Потом в ресторане, сидя за столом, все вспоминали его, каждый присутствующий рассказывал о своем, но всегда упоминал имя папы. Но мне казалось, что я была здесь лишняя. Я никогда не была на похоронах, и если честно, больше не хотела.
Похоронив один раз кого-то, ты будешь каждый день хоронить сама себя, повторяя, что это лучшее, что ты можешь сделать для себя.
Мы остались втроем: я, мама и наша общая боль, хотя потом я поняла, что боль то у нас была у каждого своя.
Мне было шесть.
Ей было тридцать.
Она была готова жить.
А я была готова закопать себя.
Но время расставило все по своим местам.
Время сделало свое дело.
Плохо или хорошо, но боль воспитала во мне королеву.
***
- Мое кольцо, - шепнула я.
- Что? - еле произнес Игорь.
- Мое кольцо - моя корона.
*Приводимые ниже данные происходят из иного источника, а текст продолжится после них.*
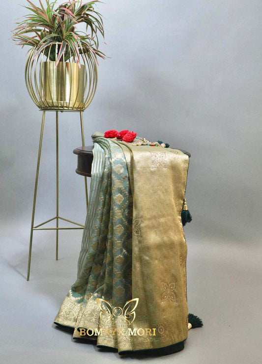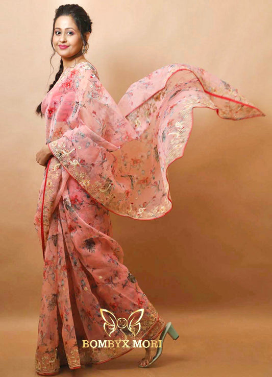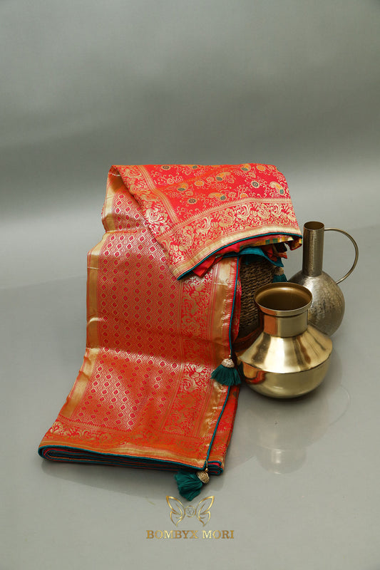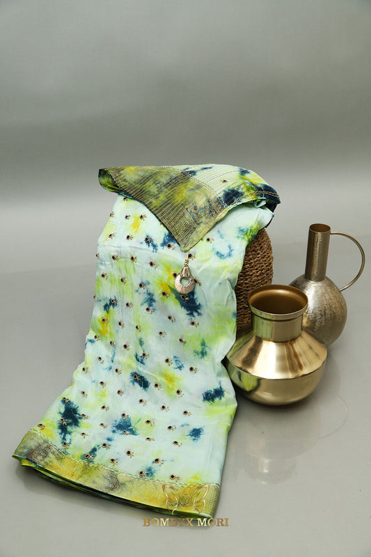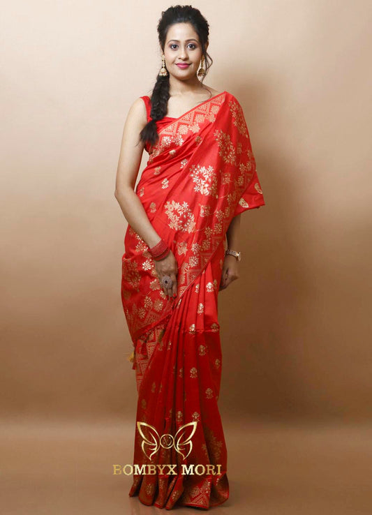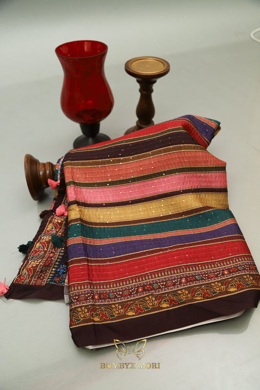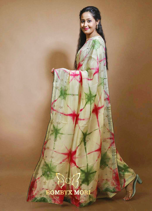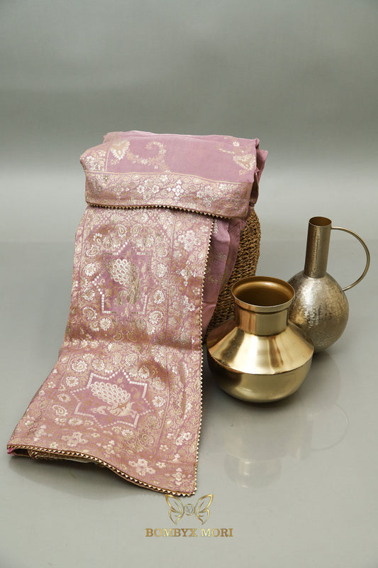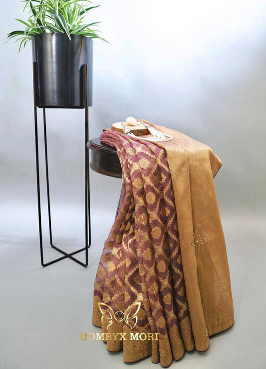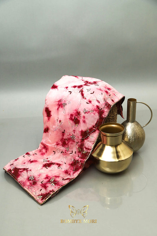 Rose Gold and Maroon Tie-Dye Rajwada saree
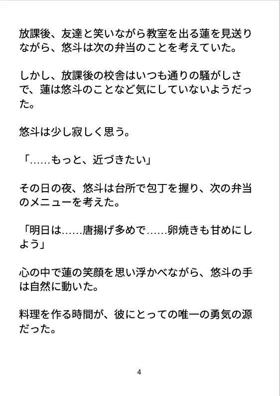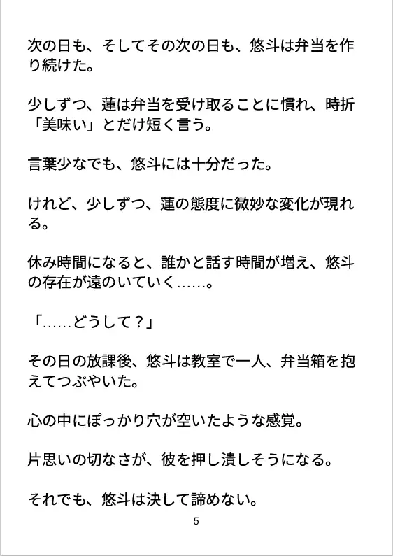勇気を出して手作り弁当を渡す日々を送る悠斗だったが、ある日、蓮が転校生の噂や友人関係のトラブルで少し距離を置くようになり、悠斗は胸を痛める。
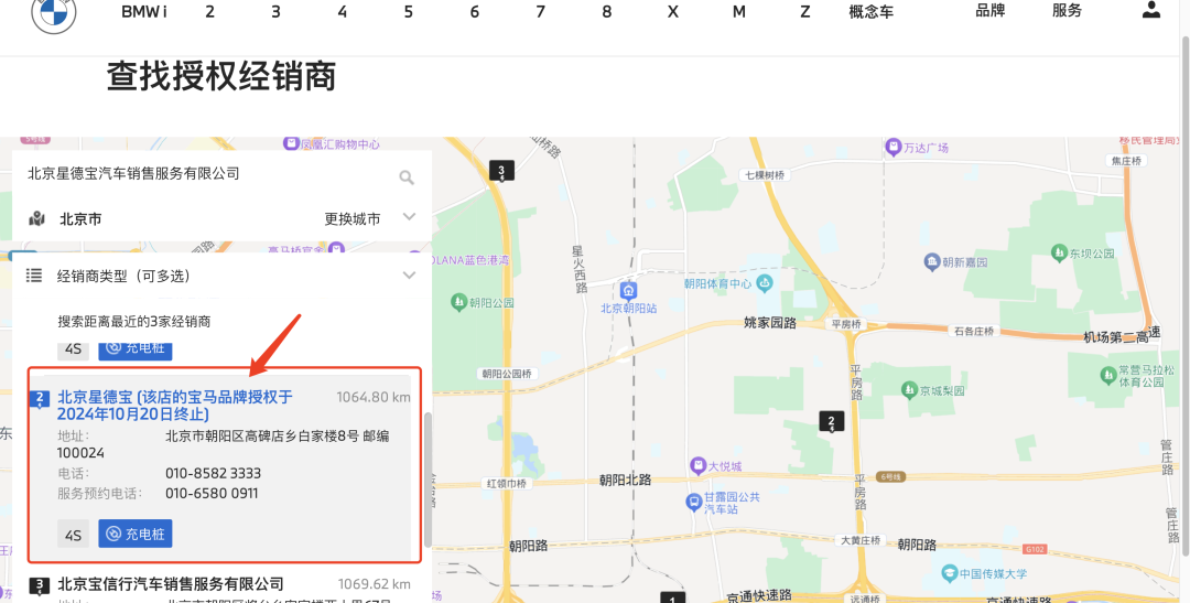 记者发现,在宝马官网的权力经销商名单上,北京星德宝确实已经被停止授权。

Это символ моей власти, - улыбнулась я. - Оно сейчас у вас.
- Его забрали вместе с личными вещами?
- Да, - кивнула я.
- Прости, но так положено, - Игорь отвернулся.
Ему стыдно, он просит прощения! Но за что!
- Прости, если причиню тебе боль, но из- за чего умер твой отец?
- Опухоль головного мозга. Шансов на выздоровления равны нулю.
- Сочувствую, - мягко, словно боясь разбить что- то хрупкое внутри меня, произнес он.
Игорь, не бойся, все, что можно было разбить, я давно уже разбила. А осколки закопала в своей могиле, там же где похоронена моя душа и сердце.